GIVEN INFORMATION:
# # # # #

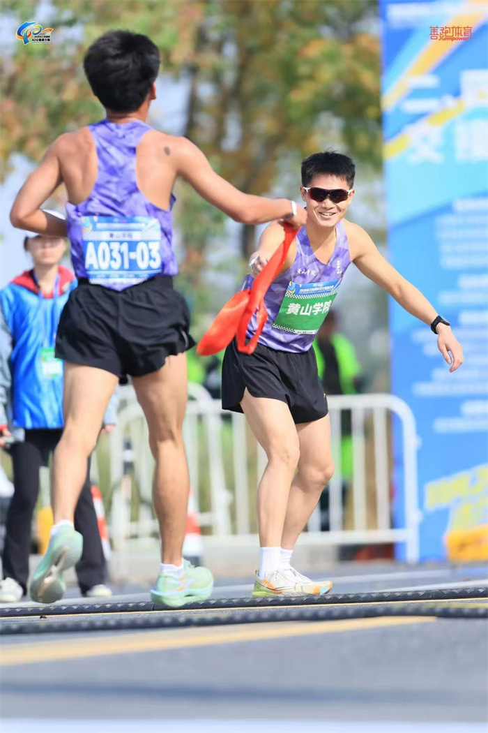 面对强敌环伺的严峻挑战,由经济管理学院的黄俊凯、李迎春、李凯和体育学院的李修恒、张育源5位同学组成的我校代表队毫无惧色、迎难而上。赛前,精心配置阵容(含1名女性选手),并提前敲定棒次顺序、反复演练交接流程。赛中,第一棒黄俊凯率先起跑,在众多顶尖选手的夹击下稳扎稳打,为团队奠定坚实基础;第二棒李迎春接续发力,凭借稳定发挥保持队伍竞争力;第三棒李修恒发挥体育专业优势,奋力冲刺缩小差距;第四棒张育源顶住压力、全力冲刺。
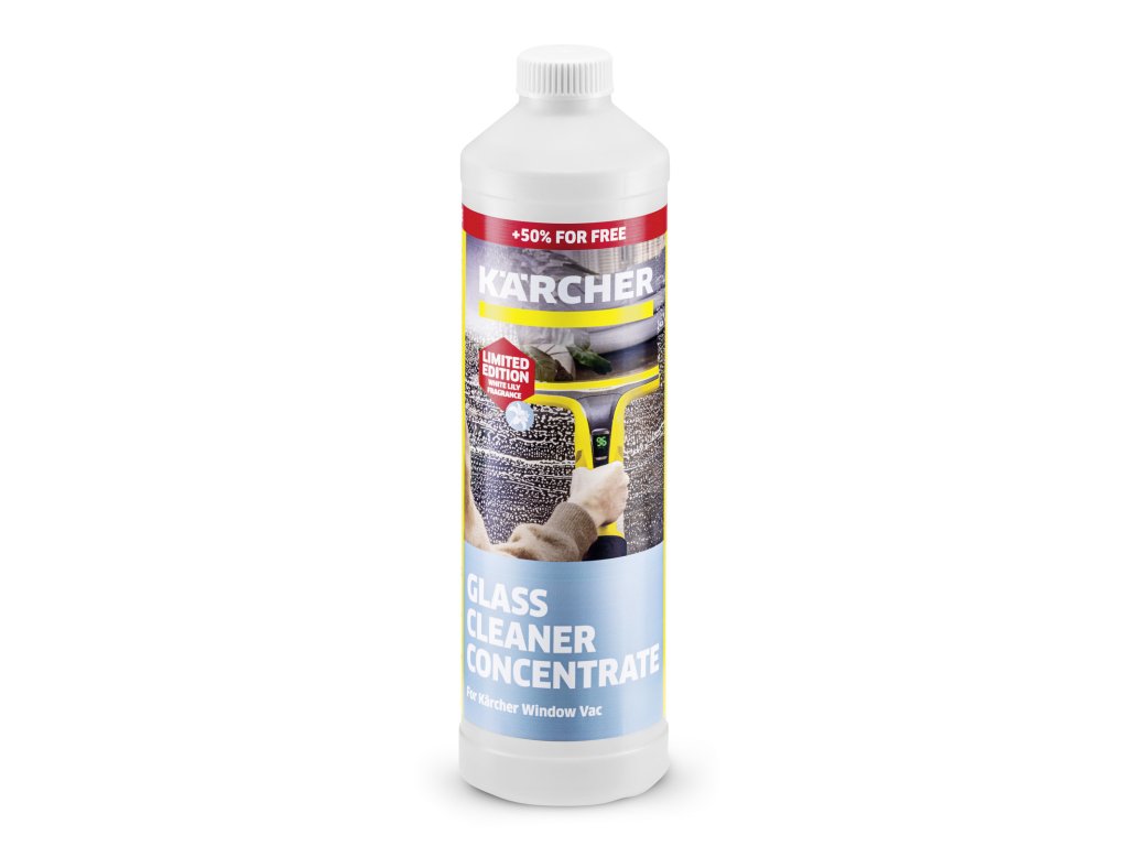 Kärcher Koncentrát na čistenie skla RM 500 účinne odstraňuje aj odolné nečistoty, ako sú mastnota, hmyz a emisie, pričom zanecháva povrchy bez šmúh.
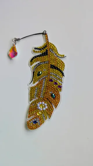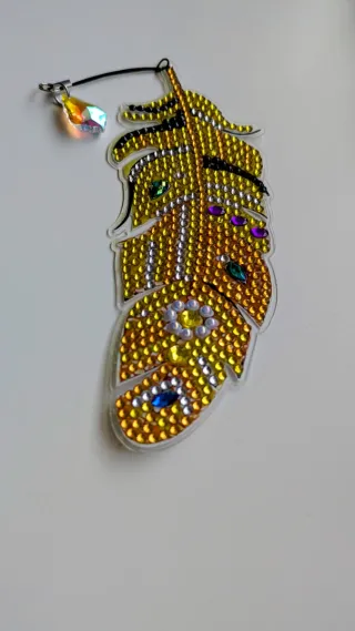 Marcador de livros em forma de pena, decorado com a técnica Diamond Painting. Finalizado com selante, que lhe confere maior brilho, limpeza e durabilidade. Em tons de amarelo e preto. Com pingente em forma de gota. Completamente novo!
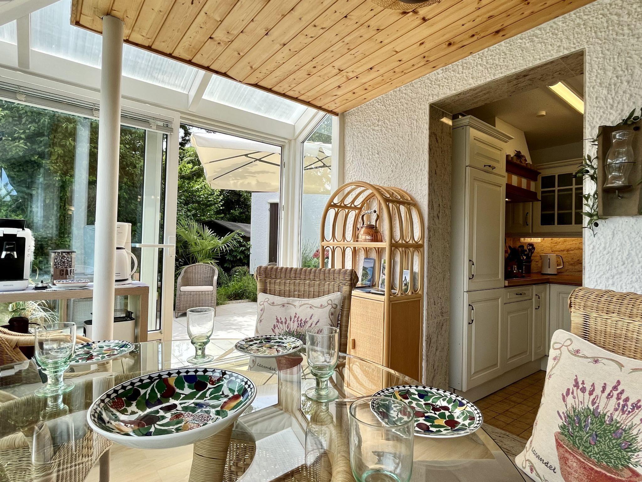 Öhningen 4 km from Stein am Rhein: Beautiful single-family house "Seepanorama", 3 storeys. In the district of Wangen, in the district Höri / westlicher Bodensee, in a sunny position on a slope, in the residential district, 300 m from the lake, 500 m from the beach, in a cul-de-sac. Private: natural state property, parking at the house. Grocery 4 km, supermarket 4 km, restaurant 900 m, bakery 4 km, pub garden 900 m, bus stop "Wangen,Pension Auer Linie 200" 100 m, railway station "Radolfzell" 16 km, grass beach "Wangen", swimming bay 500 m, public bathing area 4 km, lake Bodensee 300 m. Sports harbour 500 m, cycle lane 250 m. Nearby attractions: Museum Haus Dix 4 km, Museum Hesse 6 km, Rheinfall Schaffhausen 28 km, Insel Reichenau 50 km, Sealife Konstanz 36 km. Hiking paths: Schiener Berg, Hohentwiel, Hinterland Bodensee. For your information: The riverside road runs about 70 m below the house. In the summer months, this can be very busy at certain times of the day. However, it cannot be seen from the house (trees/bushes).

# # # # #

THE PROBLEM: Your reply should be the full data above, copied exactly, with no pictures in it.

SOLUTION TO THIS EXERCISE:
 面对强敌环伺的严峻挑战,由经济管理学院的黄俊凯、李迎春、李凯和体育学院的李修恒、张育源5位同学组成的我校代表队毫无惧色、迎难而上。赛前,精心配置阵容(含1名女性选手),并提前敲定棒次顺序、反复演练交接流程。赛中,第一棒黄俊凯率先起跑,在众多顶尖选手的夹击下稳扎稳打,为团队奠定坚实基础;第二棒李迎春接续发力,凭借稳定发挥保持队伍竞争力;第三棒李修恒发挥体育专业优势,奋力冲刺缩小差距;第四棒张育源顶住压力、全力冲刺。
 Kärcher Koncentrát na čistenie skla RM 500 účinne odstraňuje aj odolné nečistoty, ako sú mastnota, hmyz a emisie, pričom zanecháva povrchy bez šmúh.
 Marcador de livros em forma de pena, decorado com a técnica Diamond Painting. Finalizado com selante, que lhe confere maior brilho, limpeza e durabilidade. Em tons de amarelo e preto. Com pingente em forma de gota. Completamente novo!
 Öhningen 4 km from Stein am Rhein: Beautiful single-family house "Seepanorama", 3 storeys. In the district of Wangen, in the district Höri / westlicher Bodensee, in a sunny position on a slope, in the residential district, 300 m from the lake, 500 m from the beach, in a cul-de-sac. Private: natural state property, parking at the house. Grocery 4 km, supermarket 4 km, restaurant 900 m, bakery 4 km, pub garden 900 m, bus stop "Wangen,Pension Auer Linie 200" 100 m, railway station "Radolfzell" 16 km, grass beach "Wangen", swimming bay 500 m, public bathing area 4 km, lake Bodensee 300 m. Sports harbour 500 m, cycle lane 250 m. Nearby attractions: Museum Haus Dix 4 km, Museum Hesse 6 km, Rheinfall Schaffhausen 28 km, Insel Reichenau 50 km, Sealife Konstanz 36 km. Hiking paths: Schiener Berg, Hohentwiel, Hinterland Bodensee. For your information: The riverside road runs about 70 m below the house. In the summer months, this can be very busy at certain times of the day. However, it cannot be seen from the house (trees/bushes).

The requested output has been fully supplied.